BigDataWUR / AgML-CY-Bench

CY-Bench (Crop Yield Benchmark) is a comprehensive dataset and benchmark to forecast crop yields at subnational level. CY-Bench standardizes selection, processing and spatio-temporal harmonization of public subnational yield statistics with relevant predictors. Contributors include agronomers, climate scientists and machine learning researchers.
https://cybench.agml.org/
Other
9 stars 3 forks source link

Transforms #223

Closed aikepotze closed 4 weeks ago

aikepotze commented 4 weeks ago

Added transforms to support torch models.

Added base transform which sorts batch into time series, static and other keys.

Added transform that converts all timeseries features to dekadal using the provided dates

One batch of 16 samples currently takes ~10ms to transform. Most of this is from the tmin and tmax aggregation by dekad, which don't have native torch methods and thus require some looping over each unique dekad. Without this time would be ~3 ms.

Test had to be commented out until differing time series lengths are handled by TorchDataset.

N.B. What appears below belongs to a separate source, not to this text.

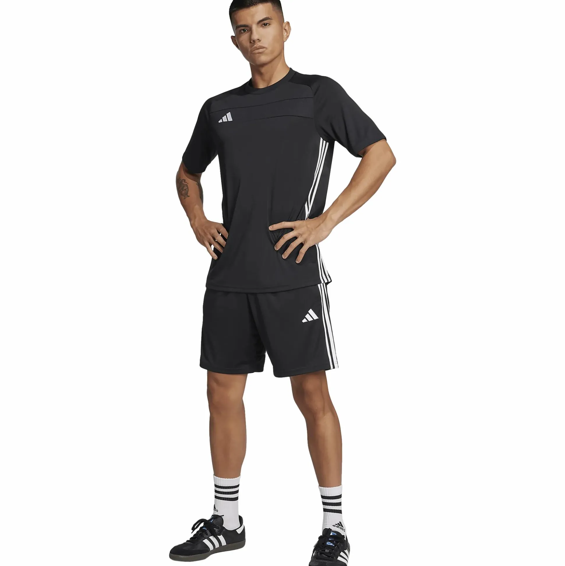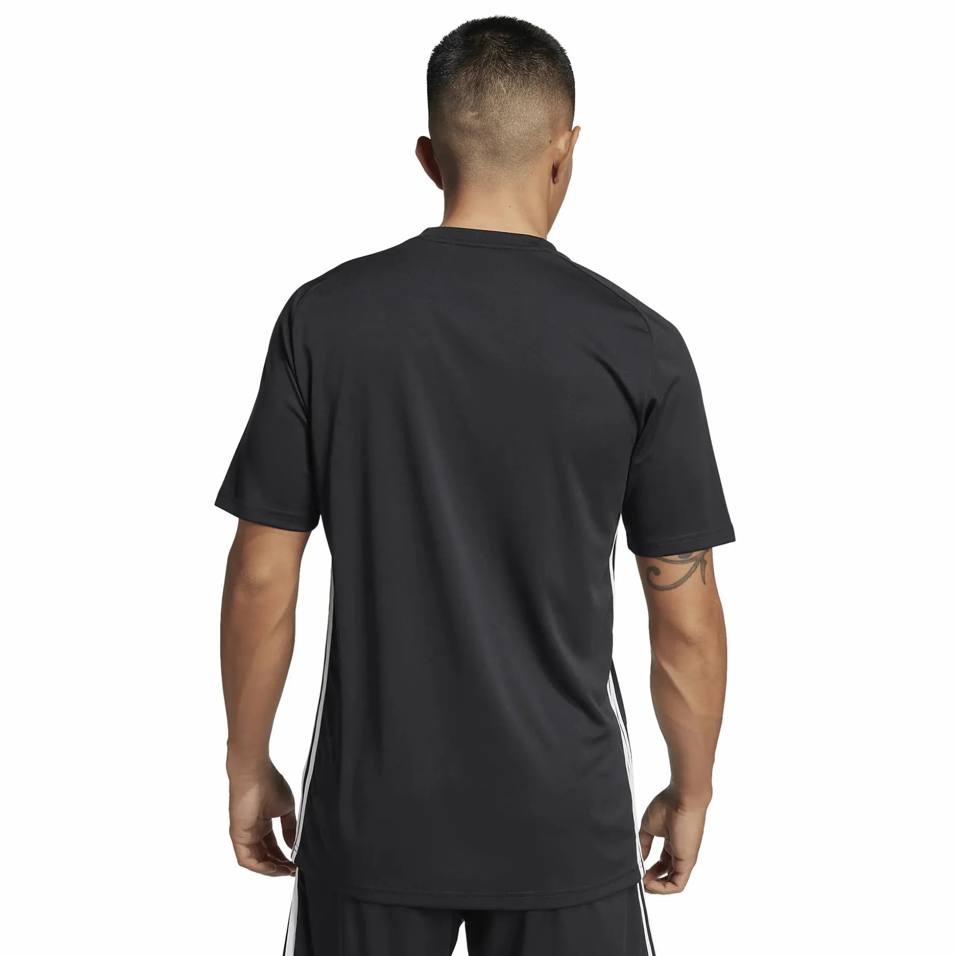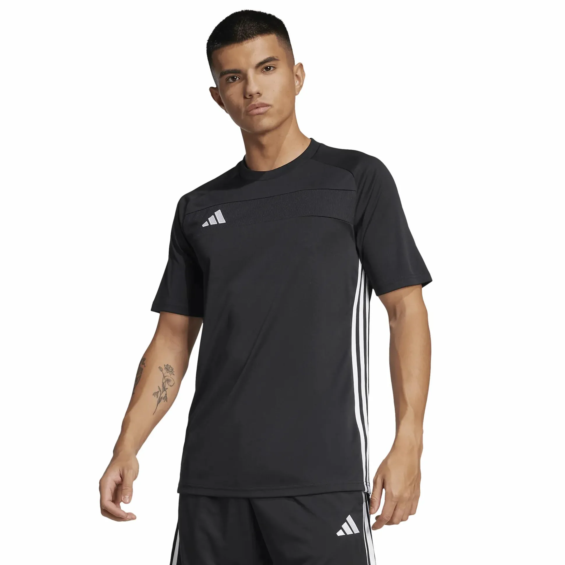 Tiro 25 Essentials Jersey adidakselta on kapeampi jalkapallopaita, joka on valmistettu pehmeästä, kierrätetystä polyesteristä. Klassinen Tiro-tyyli korostuu sivuilla olevilla 3-Stripes-raidoilla ja adidas 3 Bar -logolla rinnassa, mikä tekee siitä sopivan sekä harjoitteluun että arkikäyttöön. Paidassa on pyöreä pääntie, joka tarjoaa mukavan istuvuuden ja tyylikkään siluetin, joka toimii monissa tilanteissa – sekä kentällä että sen ulkopuolella.

One final thing to note is that I am not sure categorical features are currently handled correctly. If they are converted to one-hot upstream from the transforms they might be erroneously picked up as time-series features due to their number of dimensions. If they aren't, the model currently does not convert them to one-hot representations, which might slightly impact model performance. Only soil texture class is currently categorical I believe.